I have written code that uses this data to form the prior distribution of prices, and also to estimate the distribution of errors for the contestants.  And I am writing it up as a chapter in Think Bayes.  I'll post the new chapter here when it is done!

UPDATE April 22, 2013: I have added a chapter to Think Bayes, and I am publishing it as a two-part series, starting here.

Tuesday, April 9, 2013

Freshman hordes regress to the mean

More nones, no nuns

For several years I have been following one of the most under-reported stories of the decade: the fraction of college freshmen who report no religious preference has tripled since 1985, from 8% to 24%, and the trend is accelerating.

Two years ago I wrote Freshman hordes more godless than ever; last year I updated it with Freshman hordes even more godless.  Each year, the number of students with no religious preference increased, and the number attending religious services decreased.

In last year's installment, I made the bold prediction that the trend would continue, and that the students starting college in 2012 would again, be the most godless ever.  It turns out I was wrong: attendance went up slightly, and the fraction of "Nones" dropped slightly, in both cases reverting toward long-term trends.

My analysis is based on survey results from the Cooperative Institutional Research Program (CIRP) of the Higher Education Research Insitute (HERI).  In 2012, more than 190,000 students at 283 colleges and universities completed the CIRP Freshman Survey, which includes questions about students’ backgrounds, activities, and attitudes.

In one question, students select their “current religious preference,” from a choice of seventeen common religions, “Other religion,” or “None.”

Another question asks students how often they “attended a religious service” in the last year.
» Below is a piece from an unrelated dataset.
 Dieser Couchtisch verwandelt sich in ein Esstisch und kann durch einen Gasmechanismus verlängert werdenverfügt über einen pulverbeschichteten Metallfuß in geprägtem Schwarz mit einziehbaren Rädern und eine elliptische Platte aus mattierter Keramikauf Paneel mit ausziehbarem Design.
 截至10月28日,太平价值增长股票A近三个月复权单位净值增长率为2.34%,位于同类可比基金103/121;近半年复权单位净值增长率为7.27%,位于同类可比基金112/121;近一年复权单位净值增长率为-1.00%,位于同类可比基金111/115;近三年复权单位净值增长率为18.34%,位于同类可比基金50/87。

The choices are “Frequently,” “Occasionally,” and “Not at all.” Students are instructed to select “Occasionally” if they attended one or more times.

The following figure shows the fraction of Nones over more than 40 years of the survey:

The blue line shows actual data through 2011; the red line shows a quadratic fit to the data.  The dark gray region shows a 90% confidence interval, taking into account sampling error, so it reflects uncertainty about the parameters of the fit.
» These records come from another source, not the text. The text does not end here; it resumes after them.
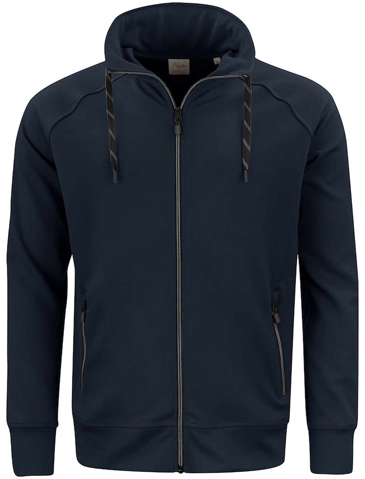 Pull sportif en polyester à fermeture éclair complète, avec manches raglan et cordon de serrage bicolore. Fermeture éclair sur le devant et poches zippées avec tirette contrastante. Fermeture éclair cachée dans le col pour remplacer facilement le cordon de serrage.
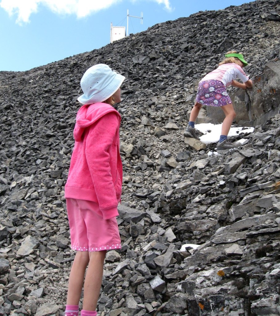 This was the only time my kids got a little uncertain. They could see the long drop below, but didn’t have the experience to know they weren’t going anywhere. Plus, the scree was difficult on their little legs. It was one step up, and two sliding steps back. Their dad put a hand on their bums to keep them going up.
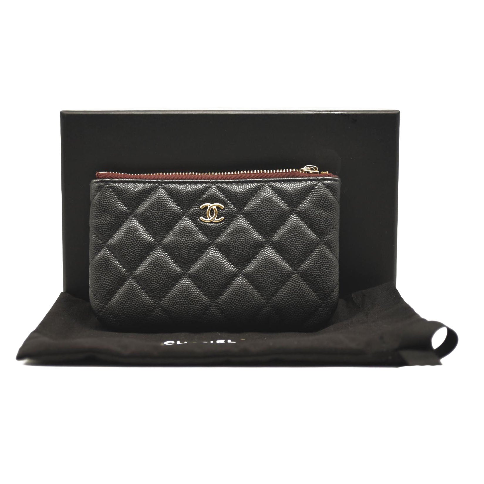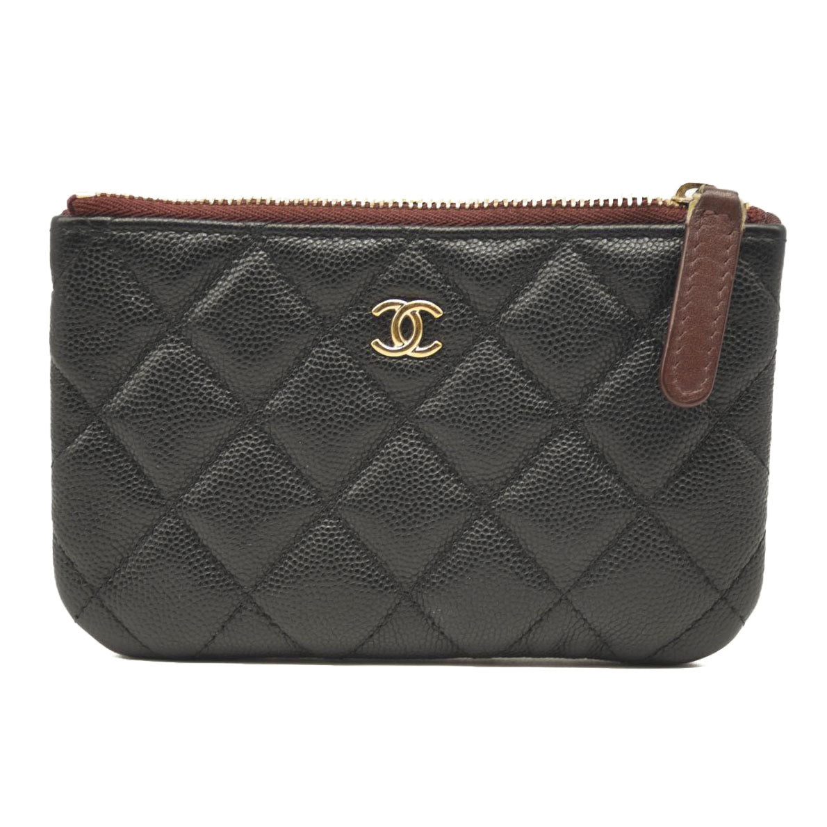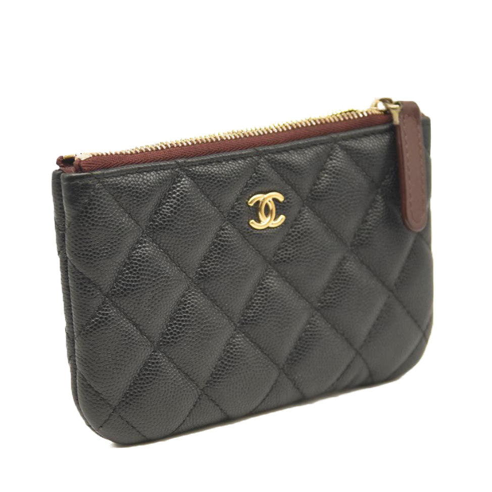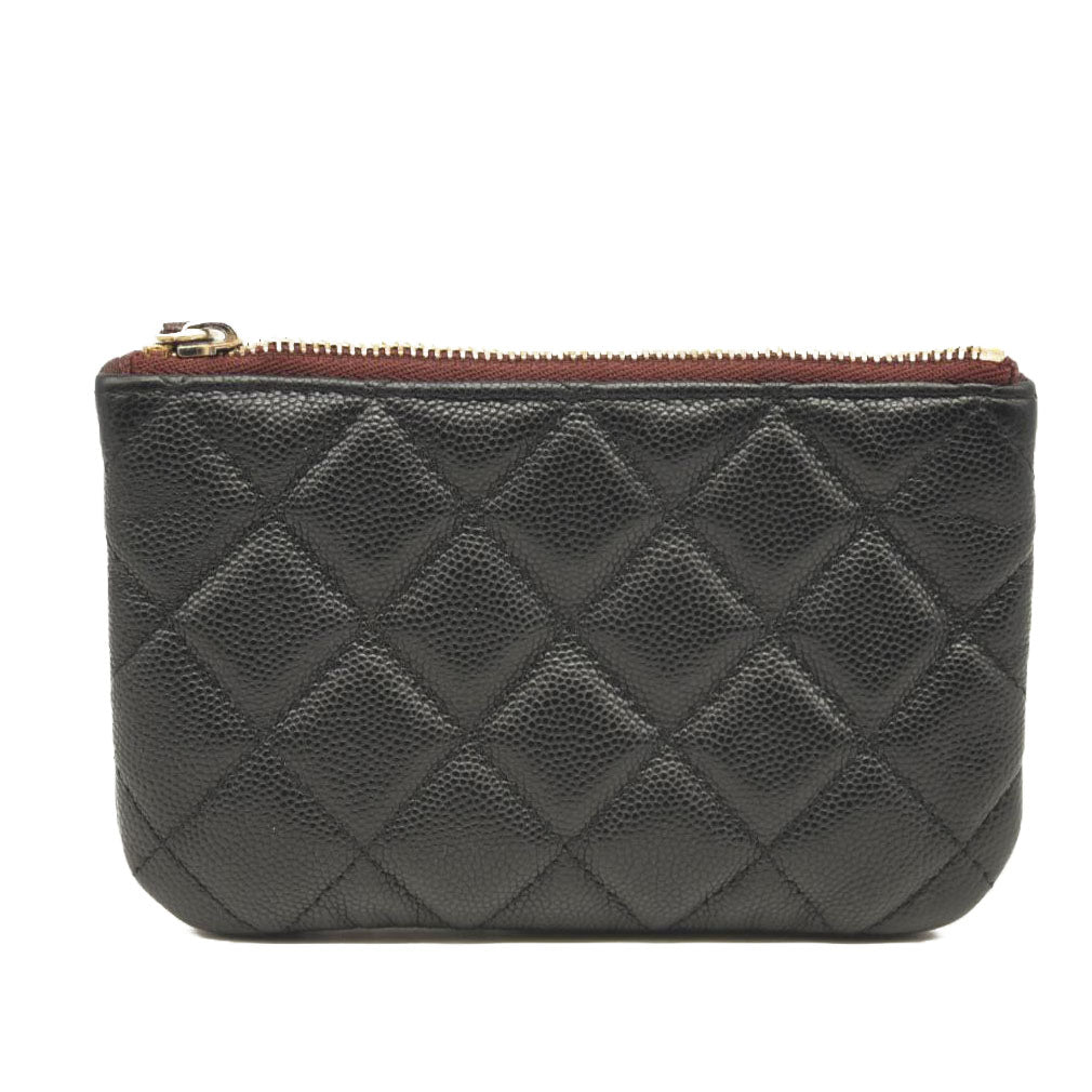 This is an authentic CHANEL Caviar Quilted Small Pouch in Black. This ultra-stylish key case is crafted of luxurious diamond quilted caviar leather in black. This small O-case features a dark red top zipper that opens to a compact burgundy nylon interior, suitable for keys, lipstick or other small necessities, from Chanel!

The light gray region shows a 90% confidence interval taking into account both sampling error and residual error.  So it reflects total uncertainty about the predicted value, including uncertainty due to random variation from year to year.

We expect the new data point from 2012, shown as a blue square, to fall within the light gray interval, and it does.  In fact, at 23.8% it falls almost exactly on the fitted curve.

Here is the corresponding plot for attendance at religious services:

Again, the new data point for 2012, 26.8%,  falls comfortably in the predicted range.  Don't listen to Nate Silver; prediction is easy :)

Predictions for 2013

Using the new 2012 data, we can generate predictions for 2013.  Here is the revised plot for "Nones":
The prediction for next year is that the fraction of Nones will hit a new all-time high at 25% (up from 23.8%).

And here is the prediction for "No attendance":

The prediction for 2013 is a small decrease to 26.6% (from 26.8%).  I'll be back next year to check on these predictions.

Other updates

1) This year the survey repeated two questions from 2010, asking students if they consider themselves "Born again Christian" or "Evangelical".  The fraction reporting "Born again" dropped from 22.8% to 20.2%.  The fraction who consider themselves Evangelical dropped from 8.9% to 8.5%.  But it's too early to declare a trend.

2) As always, more males than females report no religious preference.  The gender gap increased this year, but still falls in the predicted range, as shown in the following plot:
Evidence that the gender gap is increasing is strong.  The p-value of the slope of the fitted curve is less than 10e-5.

Data Source

The American Freshman: National Norms Fall 2012
Pryor, J.H., Eagan, K., Palucki Blake, L., Hurtado, S., Berdan, J., Case, M.H.
ISBN: 978-1-878477-22-4     90 pages.
Jan 2013

This and all previous reports are available from the HERI publications page.